Lobbying by the book

share this article

Lobbying by the book

If your nonprofit chooses to engage in some lobbying, make sure that you follow IRS rules. Straying from the requirements could jeopardize your tax-exempt status. In addition to tax issues, federal and some state governments regulate organizations that lobby. While there are exemptions for some nonprofits and small amounts of lobbying, consult with your attorney about your specific requirements.

Lobbying differs from advocacy

Part of playing it safe is knowing the difference between lobbying and advocacy. Lobbying is defined as a communication that attempts to change particular legislation. Advocacy, on the other hand, promotes general causes and issues. Nonprofits may do unlimited advocacy work, but the IRS limits the extent of lobbying activities.

Lobbying always involves advocacy, but advocacy doesn’t necessarily involve lobbying. The key to determining whether an activity is considered lobbying or advocacy depends in part on whom you’re trying to influence: Does the audience of your lobbying efforts make the laws or simply follow and enforce them? Do you want these individuals to vote a certain way on proposed legislation or simply be more aware of issues?

If your audience makes laws and you’re attempting to change legislation by encouraging these lawmakers to vote a certain way, it’s lobbying. If, on the other hand, you’re speaking with an administrative official or other non-lawmaking individual or group about a broad policy change, it’s advocacy.
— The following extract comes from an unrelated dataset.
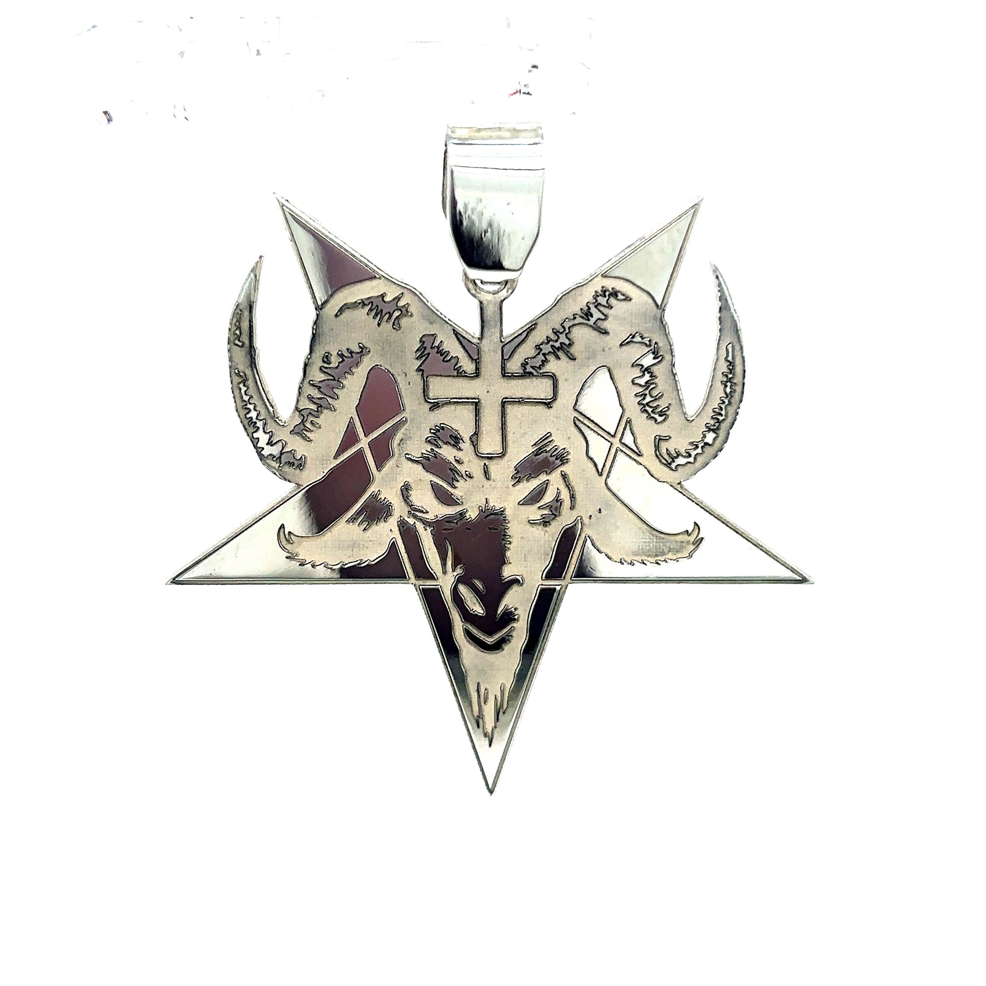 Solid 925 Sterling Silver Handcrafted Pentagram goat Head Pendant

Keep in mind that promoting a point of view and providing public education aren’t considered lobbying activities — even if you’re speaking with a public official. The discussion crosses the line only when specific legislation is discussed or you urge a particular vote.

Nonprofits play it safe

Nonprofits often shy away from lobbying for fear of losing their tax-exempt status. And some organizations worry they don’t have the proper resources, time or qualifications to lobby.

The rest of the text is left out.